I read this as a tv show introduction...

_ZeD_ · on Feb 22, 2015

following one of the comment:

    @astro Yes. An XSI compliant echo actually supports no options at all. See here for how echo is supposed to work: POSIX. 2008 §echo

the link goes to http://pubs.opengroup.org/onlinepubs/9699919799/utilities/ec... ; here I read

     OPERANDS
     
     The following operands shall be supported:
     
     string
         A string to be written to standard output.
         [...]
         The following character sequences shall be recognized on XSI-conformant systems within any of the arguments:
         [...]
         \c
             Suppress the <newline> that otherwise follows the final argument in the output. All characters following the '\c' in the arguments shall be ignored.

wait, what???

halayli · on Feb 22, 2015

For the curious, argv[0] can be null if exec* function didn't pass arguments to the program.

augustk · on Feb 22, 2015

Although GCC issues the warning "null argument where non-null required" if -Wnonull is present.

williammmeyer · on Feb 22, 2015

If you find this sort of thing interesting and are located in NYC there is a meetup devoted to it:

http://www.meetup.com/Classical-Code-Reading-Group-of-New-Yo...

andrewstuart2 · on Feb 22, 2015

Is there a good reason to do `argc--` and then `<=` in the if statement versus just using `<`?

I know those guys were pretty smart, so I'm legitimately curious.

zarriak · on Feb 22, 2015

I think the reason they used it was to make the

i==argc? '\n': ' '

part of the print statement cleaner.

pjmlp · on Feb 22, 2015

A good example of how even simple commands like echo, behave across multiple UNIX implementations.

arbre · on Feb 22, 2015

What if argc == 1 in the OpenBSD version ? You evaluate *++argv which is not defined.

andrewf · on Feb 22, 2015

argv[argc] is defined to be a null pointer.

emmelaich · on Feb 22, 2015

I don't like 'nflag'. Something like noecho reads much more nicely.

mackal · on Feb 22, 2015

Just noecho makes no sense. Passing -n suppresses printing the new line, noecho sounds like it suppresses all output

emmelaich · on March 1, 2015

Ah yeah. Braino.

I meant --no-nl or similar.

cogburnd02 · on Feb 22, 2015

Is there any particular reason the busybox version is missing?

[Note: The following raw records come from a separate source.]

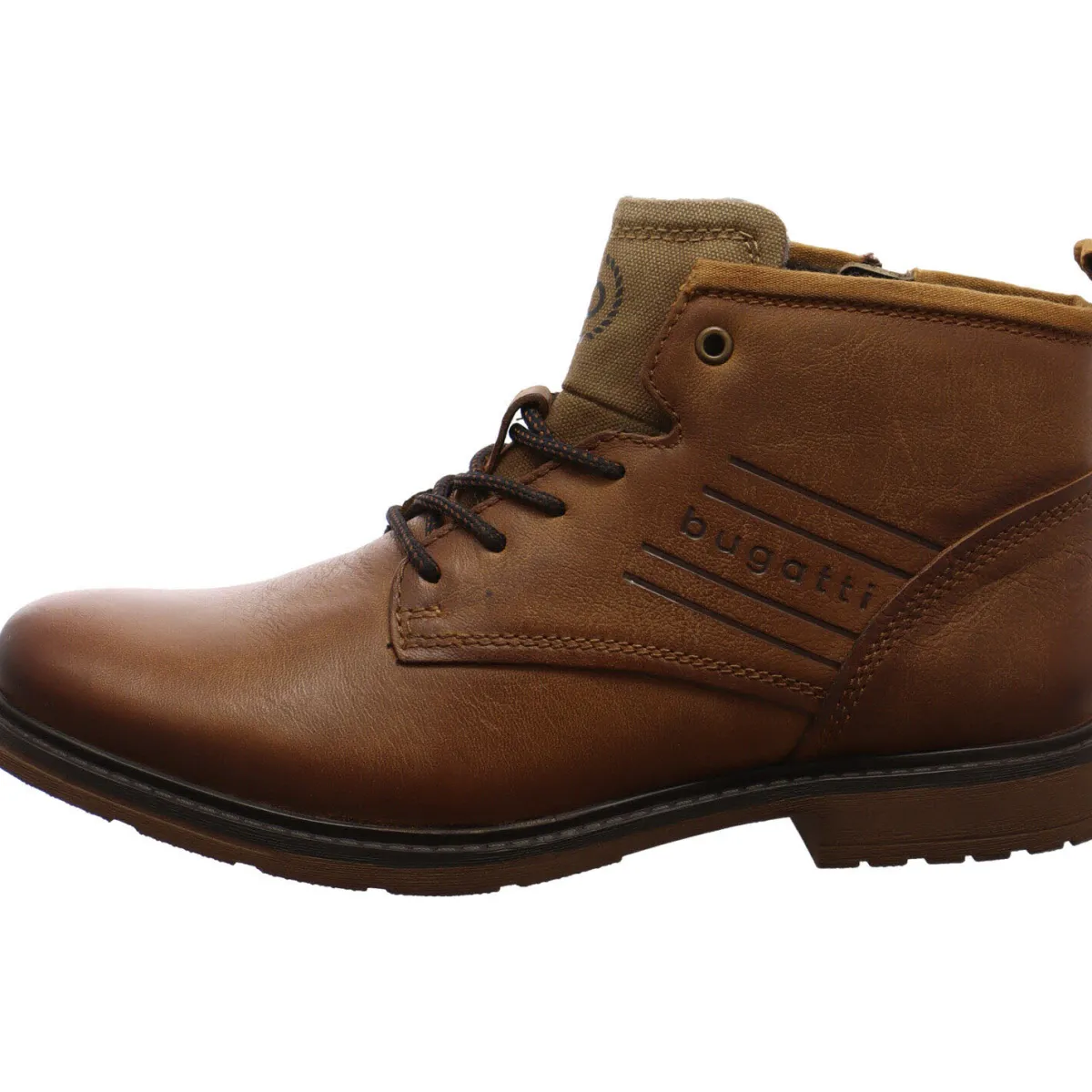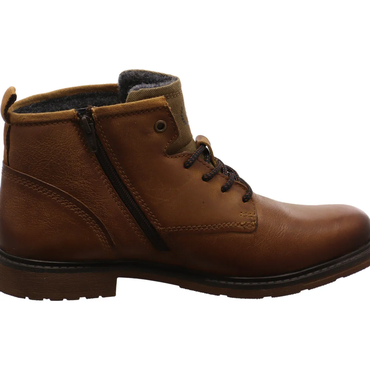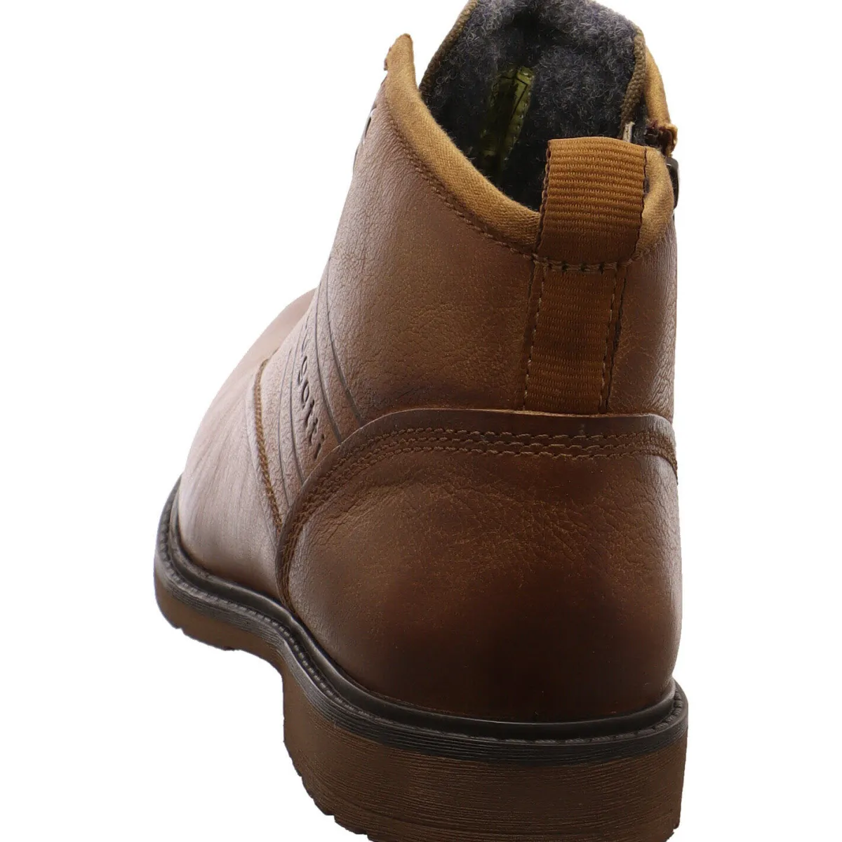 Sie wurde aus weichem, hochwertigen Echtleder in Cognac Braun gefertigt und begeistert durch ihren Used Look. Hingucker sind dabei, das Markenlogo an der eite und die Zunge aus Textil im Denim Look.
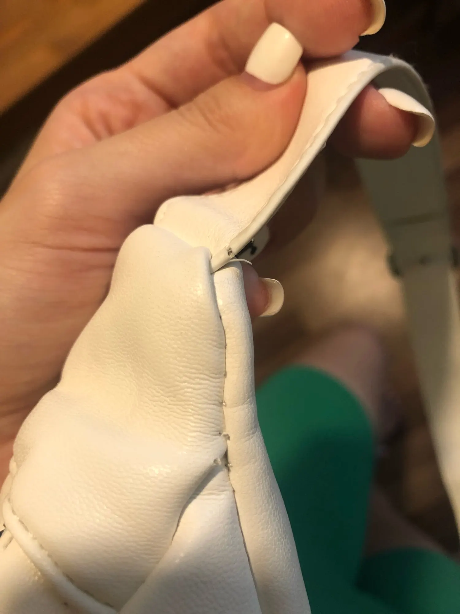 Искала белую поясную сумку именно с серебряной фурнитурной. Данный товар разочаровал к сожалению. Швы во многих местах кривые. В одном месте уже расходятся швы,хоть сумка и не была ещё в использовании. Залом на ручке,который не расправится.
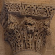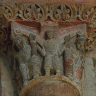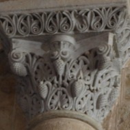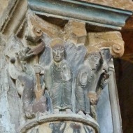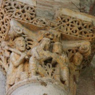 | トリビューンの小円柱にも彫刻が施されています。Bernard Gilduinと彼のアトリエが、ロマネスクの祭壇の制作から少し遅れて、トランセプトのトリビューンに装飾を施しました。 Les chapiteaux des colonnettes des tribunes sont également sculptés. Bernard Gilduin et son atelier ont décoré les tribunes du transept, peu après la réalisation de l'autel roman. 但しトランセプトの聖人伝の柱頭彫刻は別のアトリエによる作品で、このアトリエはポルト・デ・コントの彫刻、周歩廊の聖人伝の柱頭彫刻を手掛けています。 Mais les chapiteaux historiés au transept sont les oeuvres d'un second atelier, qui a réalisé les sculptures de la porte des Comtes et les chapiteaux historiés du déambulatoire. |

cogburnd02 · on Feb 22, 2015

Well, if you're going to downvote me, at least explain why you disagree; don't hide behind the mouse-click. I was merely asking why another of the freely available versions of echo was missing from this list; what's wrong with that?

Jach · on Feb 22, 2015

Are you honestly expecting the author of this 4 year old commit to respond? Maybe if you included a link to the other version (even though it's already in a github comment) your first comment would have been useful and not downvoted, but as it is it's just pointlessly shared wondering that if serious would be better done as a private message to the author... as for your second, complaining about downvotes generally results in more.

anonbanker · on Feb 23, 2015

At least we can surmise who was responsible for the downvoting.

Jach · on Feb 23, 2015

I downvoted the post complaining about downvotes, but not the first post, since it was already downvoted. (Few things need to be downvoted/flagged to oblivion.) Since my attempt at explaining why the first post was downvoted received upvotes, at least we can surmise it's not totally off the mark to what others may think.

unwind · on Feb 22, 2015

I wondered the same thing, or rather was going to post a link to busybox here, but it's already in a comment to the original article. Not sure that's why you got downvoted though, seems a bit harsh as re-posting interesting links related to the original post is quite common here and not something I thought was frowned upon.